Es ist einfach ein Hauptspass. Ebenso chaotisch und rebellisch wie die Murakami’schen Handlungsabläufe wird auch die Musik gegen den Strich der modernen Oper gebürstet. Hier gibt es keinen Ernst, was aber längst nicht bedeutet, dass die Komponistin etwa ins Reich der operettenhaften Leichtig- und NIchtigkeit hinabgestiegen wäre…

In der Kürze des Werks – nicht mal eine Stunde dauert’s, leider – kommen vor: Schlaflosigkeit, enormer Hunger, ein Ehepaar, das nicht schlafen und nicht den Hunger stillen kann, eine alte Geschichte von einem jungendummen Bäckereiüberfall, sowie ein Bäcker, der Wagner hört und den Fluch der Götterdämmerung auf die Jungens überträgt, die seine Bäckerei heimsuchen, um dann in die Jetztzeit zu kippen, in der es aus nächtlichem Mangel an Bäckereien zu einem Überfall auf eine McDonald’s-Filiale kommt…

Mit dem Ensemble des Theaters Luzern kamen (vorwiegend) junge Sängerinnen und Sänger nach Wien, die es durchaus zu hören lohnte: die Hauptrollen von Miya und Kuni sangen Sumi Kittelberger und Hans-Jürg Rickenbacher, die auch ihre bisweilen recht schwierigen Passagen mit irgendwie spielerischer – oder gut gespielter? – Leichtigkeit über die Bühne brachten.

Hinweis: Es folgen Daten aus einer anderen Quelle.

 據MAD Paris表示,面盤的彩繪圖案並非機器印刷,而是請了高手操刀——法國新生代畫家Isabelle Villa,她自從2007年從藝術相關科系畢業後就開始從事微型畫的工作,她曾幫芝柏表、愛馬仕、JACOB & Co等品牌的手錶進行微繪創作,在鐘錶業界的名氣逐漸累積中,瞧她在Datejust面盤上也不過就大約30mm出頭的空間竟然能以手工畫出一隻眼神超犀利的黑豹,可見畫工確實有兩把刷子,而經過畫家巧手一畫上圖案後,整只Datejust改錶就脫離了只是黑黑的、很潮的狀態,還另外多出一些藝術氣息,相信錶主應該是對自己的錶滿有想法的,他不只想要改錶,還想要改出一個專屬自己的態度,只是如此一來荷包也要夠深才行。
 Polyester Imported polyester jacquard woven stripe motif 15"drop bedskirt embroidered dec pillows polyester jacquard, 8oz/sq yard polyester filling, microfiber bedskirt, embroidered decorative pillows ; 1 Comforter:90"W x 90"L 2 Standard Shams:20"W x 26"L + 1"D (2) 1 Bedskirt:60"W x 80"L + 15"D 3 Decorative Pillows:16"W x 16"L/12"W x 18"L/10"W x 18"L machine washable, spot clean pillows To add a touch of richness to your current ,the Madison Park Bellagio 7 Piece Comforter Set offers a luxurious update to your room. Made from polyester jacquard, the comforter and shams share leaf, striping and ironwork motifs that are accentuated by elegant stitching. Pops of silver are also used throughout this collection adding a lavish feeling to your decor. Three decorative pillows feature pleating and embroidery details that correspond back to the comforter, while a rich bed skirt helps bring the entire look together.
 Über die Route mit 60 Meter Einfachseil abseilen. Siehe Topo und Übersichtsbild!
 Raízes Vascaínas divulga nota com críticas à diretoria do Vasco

Der Bass Boris Petronje, gleichfalls Ensemblemitglied in Luzern, lieferte eine gradiose Wagner-Parodie ab, die ich wohl nicht so schnell wieder vergessen werde – dermassen gut gelacht hab ich dabei, vor allem in Kombination mit den Herren vom Luzerner Chor, die in ständiger Bewegung ein echtes Bestiarium wagner’scher Figuren impersonisieren.

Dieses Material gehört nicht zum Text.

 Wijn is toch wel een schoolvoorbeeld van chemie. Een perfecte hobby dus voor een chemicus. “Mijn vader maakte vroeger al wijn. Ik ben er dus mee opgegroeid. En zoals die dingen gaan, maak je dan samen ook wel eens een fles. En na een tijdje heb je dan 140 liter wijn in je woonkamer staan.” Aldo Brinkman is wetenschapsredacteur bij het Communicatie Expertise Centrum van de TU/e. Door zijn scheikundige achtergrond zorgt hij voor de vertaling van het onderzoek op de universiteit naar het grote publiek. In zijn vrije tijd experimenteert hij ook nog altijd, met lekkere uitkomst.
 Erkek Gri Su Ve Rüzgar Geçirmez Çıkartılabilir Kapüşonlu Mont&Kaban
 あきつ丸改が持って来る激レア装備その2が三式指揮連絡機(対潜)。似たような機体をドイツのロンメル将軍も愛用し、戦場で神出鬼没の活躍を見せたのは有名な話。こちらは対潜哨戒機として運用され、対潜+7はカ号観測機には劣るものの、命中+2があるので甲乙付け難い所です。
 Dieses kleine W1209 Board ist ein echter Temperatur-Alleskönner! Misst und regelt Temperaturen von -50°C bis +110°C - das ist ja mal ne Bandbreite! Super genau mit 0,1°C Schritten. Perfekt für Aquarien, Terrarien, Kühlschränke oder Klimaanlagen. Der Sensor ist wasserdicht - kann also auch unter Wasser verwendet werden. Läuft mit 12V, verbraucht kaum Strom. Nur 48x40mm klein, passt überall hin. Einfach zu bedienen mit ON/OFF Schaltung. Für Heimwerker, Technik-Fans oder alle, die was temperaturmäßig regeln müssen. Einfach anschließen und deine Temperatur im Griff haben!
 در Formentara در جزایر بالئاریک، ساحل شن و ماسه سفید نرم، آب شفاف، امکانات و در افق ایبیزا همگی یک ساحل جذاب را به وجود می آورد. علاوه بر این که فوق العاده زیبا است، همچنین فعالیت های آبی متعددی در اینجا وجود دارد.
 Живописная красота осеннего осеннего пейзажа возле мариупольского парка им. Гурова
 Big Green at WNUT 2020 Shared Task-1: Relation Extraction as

Als ein wahrer Schauspieler in seiner Rolle des Nachtmanagers bei McDonald’s brilliert der Counter Peter Kennel, der regelmäßig zwischen barocker und allerneuerster Oper wechselt, auch er ein wirklich komischer Charakter. Bemerkenswert, weil extravagant und stark im Ausdruck, auch der Bassbariton Marc.Olivier Oetterli als Chiko, die Gestalt aus der Vergangenheit.

Das Klangforum Wien – ohnedies bekannt für präzises Musizieren auch der schwierigsten Passagen der Neuen Musik – hatte wohl den ernsteren Part am Werk: unter dem Dirigat von Johannes Kalitzke liefern sie aber einen gewohnt souveränen Gesamteindruck.

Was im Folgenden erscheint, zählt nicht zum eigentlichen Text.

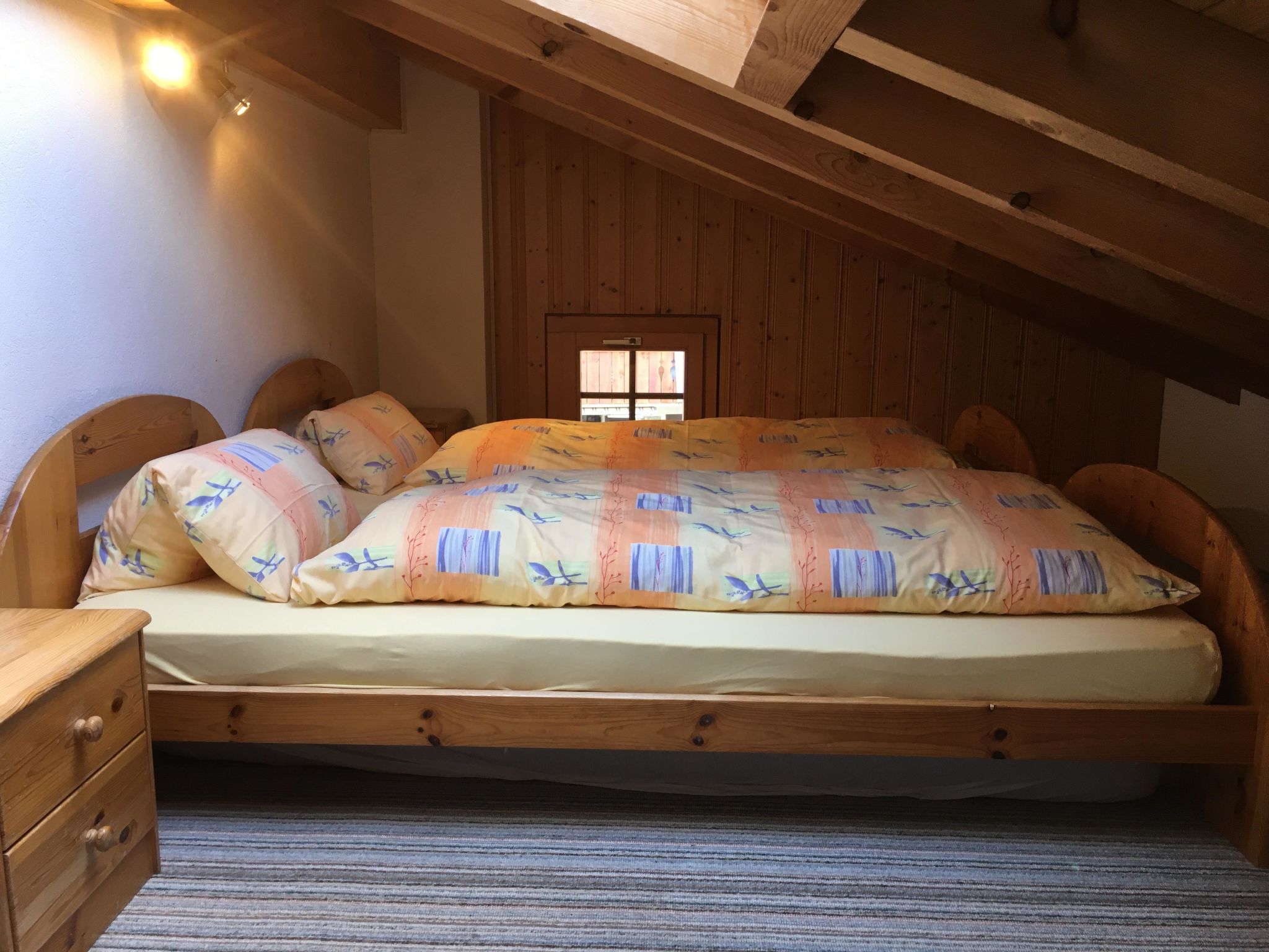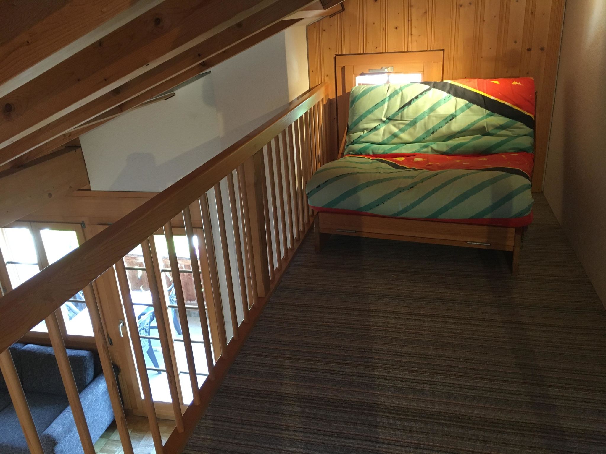 Wohnung Nr. 5 Gartenstrasse 5 3852 Ringgenberg Diese Wohnung liegt im Haus mit den Wohnungen 5, 7, 8 und 33 an der Gartenstrasse in Ringgenberg. 2½-Zimmer-Wohnung, 60m², 2-5 Personen (1 Schlafzimmer, 1 Schlafgalerie, 1 Badezimmer) Wohn-/Esszimmer mit Sofa, Esstisch. Offene Küche mit Geschirrspüler. 1 Schlafzimmer mit Doppelbett. Schlafgalerie mit 3 Betten unter dem Dach (nur teilweise Stehhöhe). 1 Badezimmer mit Badewanne/WC. Balkon 9,4m2 mit wunderschöner Seesicht.
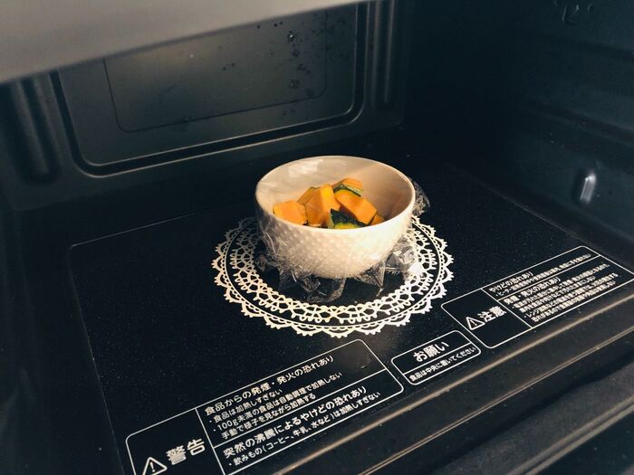 かぼちゃを一口サイズにカットして、耐熱皿に入れラップをかけたらレンジで柔らかくなるまでか加熱し、麺つゆをかけて混ぜ合わせます。
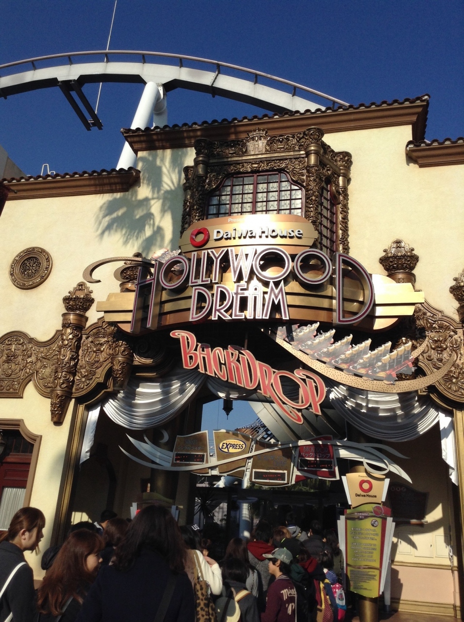 USJのあるジェットコースターです。前向きに進むのと、後ろ向きに進むバックドロップがあります。

Regie führte MIchael Scheidl – bekannt gerade in Wien als Teil des Duos netzzeit, das sich der Umsetzung von Theaterideen im Umfeld der neuen Musik verschrieben hat. Von ihm habe ich erst vor ein paar Tagen in der Volksoper Kehraus in St Stephan von Krenek gesehen. MIt fast genauso viel Spass.